RECORDS FOR THIS EXERCISE:
⟨
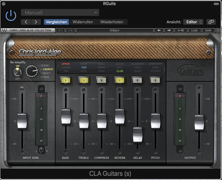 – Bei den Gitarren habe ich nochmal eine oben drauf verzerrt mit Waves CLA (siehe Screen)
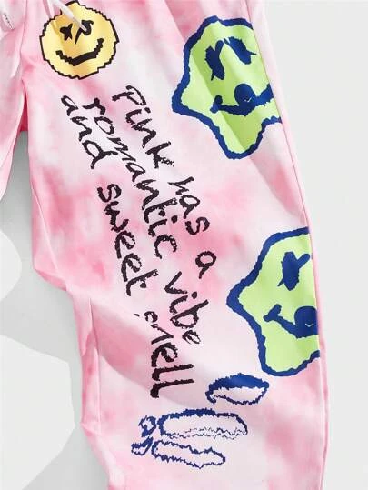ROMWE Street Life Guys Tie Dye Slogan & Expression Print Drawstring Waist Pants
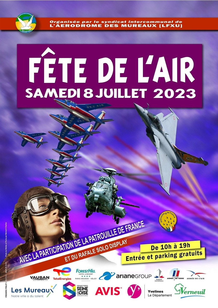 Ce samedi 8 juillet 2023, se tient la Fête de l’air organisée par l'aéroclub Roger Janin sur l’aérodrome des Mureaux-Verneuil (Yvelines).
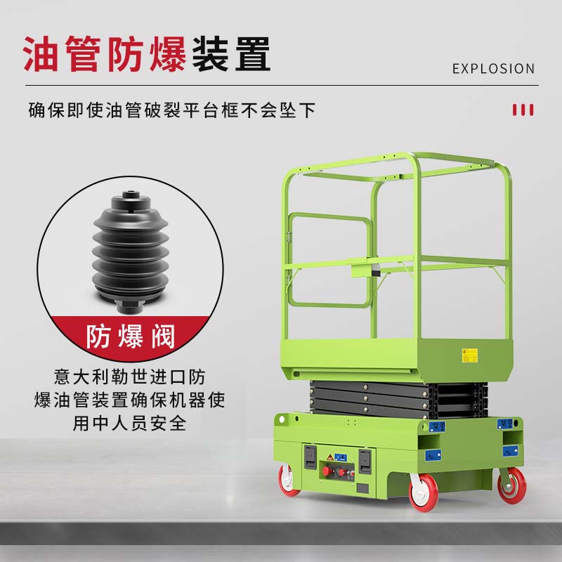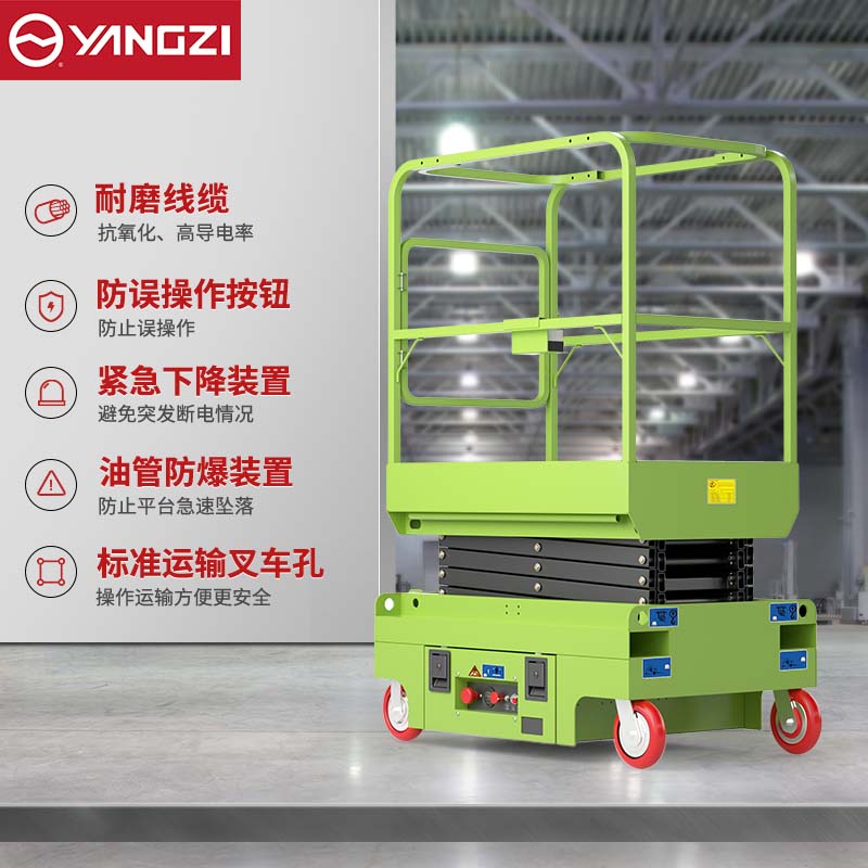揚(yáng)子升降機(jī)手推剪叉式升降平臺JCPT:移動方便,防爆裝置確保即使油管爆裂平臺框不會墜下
⟩
⟨
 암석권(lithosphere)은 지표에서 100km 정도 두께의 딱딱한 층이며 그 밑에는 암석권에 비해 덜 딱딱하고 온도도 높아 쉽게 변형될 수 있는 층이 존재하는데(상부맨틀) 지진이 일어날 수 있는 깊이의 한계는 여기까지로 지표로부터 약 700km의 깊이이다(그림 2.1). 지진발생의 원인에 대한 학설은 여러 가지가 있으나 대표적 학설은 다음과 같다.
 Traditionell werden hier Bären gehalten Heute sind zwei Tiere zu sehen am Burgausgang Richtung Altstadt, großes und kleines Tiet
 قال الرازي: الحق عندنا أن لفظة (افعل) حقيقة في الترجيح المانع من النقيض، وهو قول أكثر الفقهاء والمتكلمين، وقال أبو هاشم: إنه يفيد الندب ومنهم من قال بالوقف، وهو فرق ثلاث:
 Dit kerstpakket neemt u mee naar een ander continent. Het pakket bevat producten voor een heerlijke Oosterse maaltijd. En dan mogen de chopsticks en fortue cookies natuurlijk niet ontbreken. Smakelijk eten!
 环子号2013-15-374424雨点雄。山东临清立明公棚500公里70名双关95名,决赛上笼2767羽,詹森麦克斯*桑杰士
⟩
Could you set down, word for word, only the lines above from the line with "قال الرازي: الحق" to the line with "环子号2013-15-374", including both?

EXPECTED ANSWER:
 قال الرازي: الحق عندنا أن لفظة (افعل) حقيقة في الترجيح المانع من النقيض، وهو قول أكثر الفقهاء والمتكلمين، وقال أبو هاشم: إنه يفيد الندب ومنهم من قال بالوقف، وهو فرق ثلاث:
 Dit kerstpakket neemt u mee naar een ander continent. Het pakket bevat producten voor een heerlijke Oosterse maaltijd. En dan mogen de chopsticks en fortue cookies natuurlijk niet ontbreken. Smakelijk eten!
 环子号2013-15-374424雨点雄。山东临清立明公棚500公里70名双关95名,决赛上笼2767羽,詹森麦克斯*桑杰士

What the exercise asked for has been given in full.